Research Interests

Evolution of gene networks in Arabidopsis

Overview: The organs of all organisms, from plant roots to human brains, are mosaics of different cell types. Thus, one fundamental task in organ development is assembling discrete, highly specialized cells. How is a specialized cell constructed at the genetic level and how do new cell types evolve? Taking a genomic approach to answer these questions, the analysis of gene regulation on a whole organ level confounds signals by mixing the genetic components of many different cell types. Thus, we have developed tools that examine gene activity within specialized cells in order to dissect the genetic pathways that lead to cellular specialization. Our research seeks to uncover the localized signals that regulate cellular differentiation. In a related question, we ask how an organism’s genetic machinery is manipulated (or invented) over time to create new cell types over evolution.
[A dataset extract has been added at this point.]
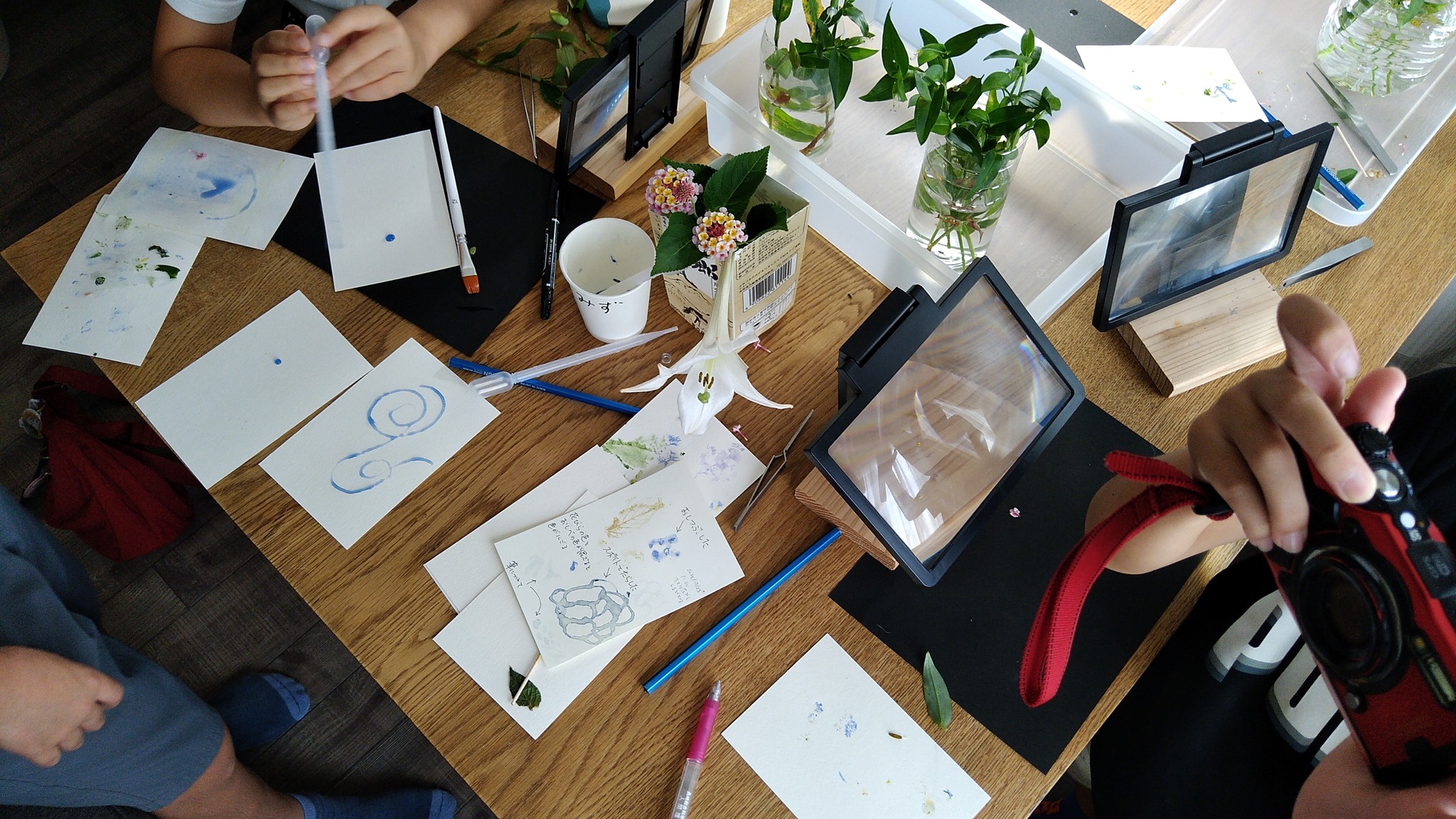あまり科学的なことは教えられなかった気がしますが、3種の花の違いや、繊細さや手触りを感じてくれたと思います。生徒もそれぞれ、楽しい時間をすごしてくれたようでした!

Navigating the “Redundome”:
High-throughput expression analysis has generated an explosion of data on gene regulation but a backlog of untested hypotheses about gene function. The bottleneck in functional analysis in model organisms is aggravated at least in part by functional redundancy at the genetic level. We are carrying out a phenotypic screen that uses cell-specific and other expression data to overcome redundancy and focus phenotypic analysis at the cell level for highly sensitive screening. For example, we have used several sources of data to generate a “formula” to predict genetic redundancy.
Our experimental approach asks how transcriptional regulators control differentiation events across and within cell types using a model organ in which cell types mature synchronously along a longitudinal gradient, the root of the model plant Arabidopsis thanliana. We first analyze the phenotypes of candidate regulatory genes involved in cellular differentiation. We also analyze potential differences in the targets of regulatory genes in different cell types using cell-specific expression profiling. We then examine the phenotypes of putative downstream cell-specific genes. Our goal is to identify the genes that control critical points in differentiation networks, their downstream genetic components, and the specific traits these gene cassettes control. For example, we are focusing on two cell types, xylem and columella, that sit at opposite ends of the stem cell niche, do not occupy the same tissue, yet exclusively share up-regulation of a set of genes. We are testing, by knockout analysis, whether this shared gene program represents the machinery that leads to one common trait between the two cell types, rapid programmed cell death.

Cellular Evolution

The evolution of gene expression can be tracked dynamically by extending cell type expression profiling techniques to other species. Our second major area of research builds on our methods that generate high-resolution expression maps in Arabidopsis. This entailsgenerating similar expression maps in other species. Rice, which is fully sequenced, is one of our targets. Subsequent analysis will focus on lower plants, including Selaginella and Physcomitrella, both of which are being sequenced. These comparative expression maps will provide 1) a proxy for ancestral expression patterns of duplicated genes prior to duplication. This will help assess the role of whether gene duplication leads to novel roles for duplicates by expansion or contraction of ancestral expression domains. 2) The profiles will help form specific hypotheses on the role of gene recruitment in the evolution of new cell types. For example, columella cells are unique to the root and, thus, hold important clues to the evolution of the root. We are testing the localization of columella specific transcripts in ancient plants that may or may not have a homologous root to Arabidopsis.